A silly thought on the face of it -- they were nothing alike. Elaine was tall and athletic, loud and raucous, black and proud, while Lisa was small and sweet, pale and quiet. Elaine would port their tanks to the shore on her broad shoulders, her long legs like pistons -- Mara wondered how the girl would manage to lug her air on shore.
But when Mara first met Elaine, she was about as old as Lisa and a college student too -- her student in fact, at the University of the Bahamas in Nassau where she taught English lit about twenty years ago. Like all profs she had to deal with over-sexed students engorged with puppy love or trying to woo their way into higher grades and, like most of her colleagues (the women, anyway) she successfully fended them off, male and female. Elaine, brilliant and challenging, played the long game, flirted without coming on strong. A smile that melted.
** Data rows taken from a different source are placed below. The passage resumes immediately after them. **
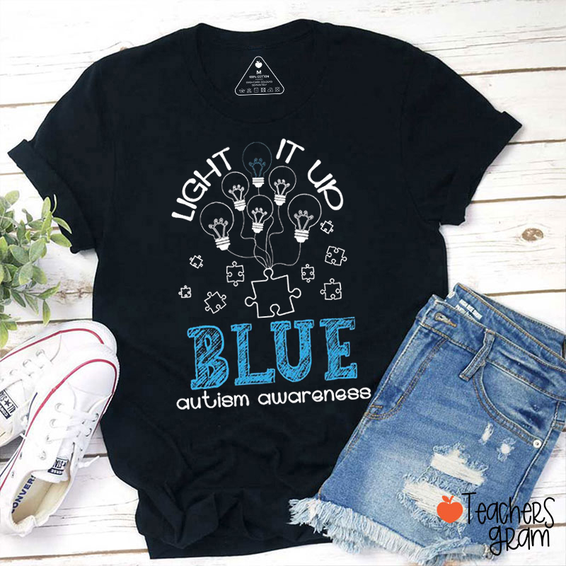 Light It Up Blue Autism Awareness Teacher T-Shirt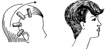 При зачесывании волос назад на участке головы от лба к затылку бигуди лежат параллельно лбу, на боковых частях головы - вертикально по отношению ко лбу, на участках головы между боками и теменем - наклонно. На затылке бигуди закручивают вниз. Затем волосы расчесывают расческой и щеткой, после чего ребром ладони придают направление волнам.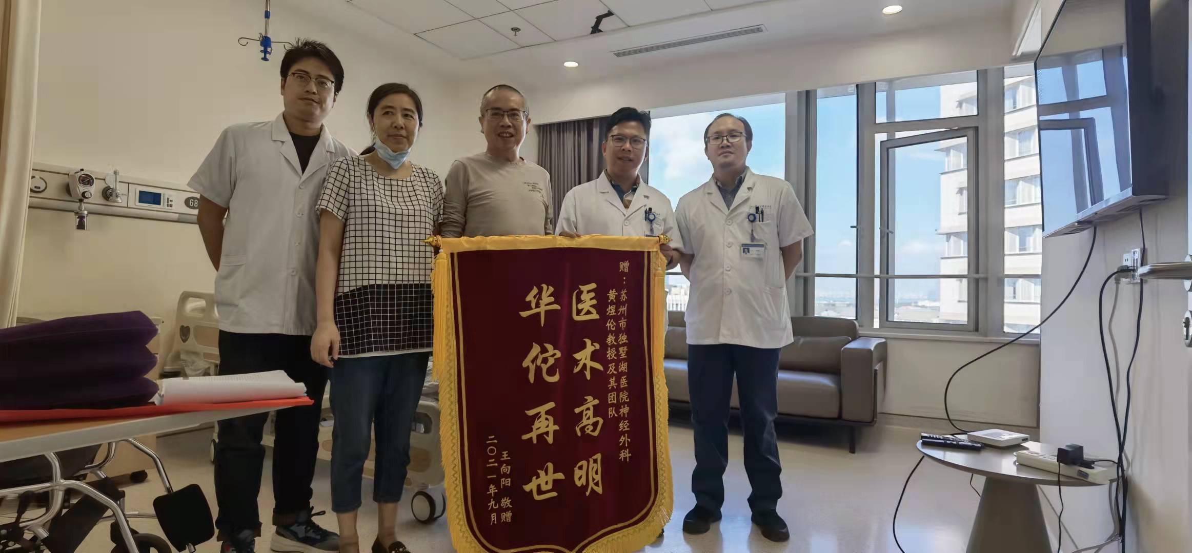 患者王先生赠送锦旗感谢我院神经外科黄煜伦教授及其团队

As a post-grad student working on her PHd, it was a different story, the rules more lax although her department head looked at the developing relationship with a little dismay. Elaine would whisk Mara away in her Jeep to remote spots on the island for shore dives where they could be alone.
At first, nothing much happened, they became buddies in every sense. But then came the day at the wreck off the west end. It was a popular dive spot for advanced scuba and freedivers, the small navy ship sitting upright at 50 feet, but that morning they had the site all to themselves.
They were on the surface, bobbing in the gentle wake. Mara adjusted her mask, trying to steady her breath--not from the exertion of freediving but from the awareness of Elaine swimming alongside her. Mara had long since given up subtle glances at her long limbs which sliced through the water with ease, her dark skin radiant and her full, kissable lips.
Mara shook off the thought and focused on the next dive. Elaine wanted to penetrate the wreck -- so far, they circled the vessel but Mara was wary of overhead environments. At last she gave in -- Elaine was keen and said there was something amazing she wanted Mara to see. Both of them were experienced freedivers, Elaine's lung capacity more than a match for her own.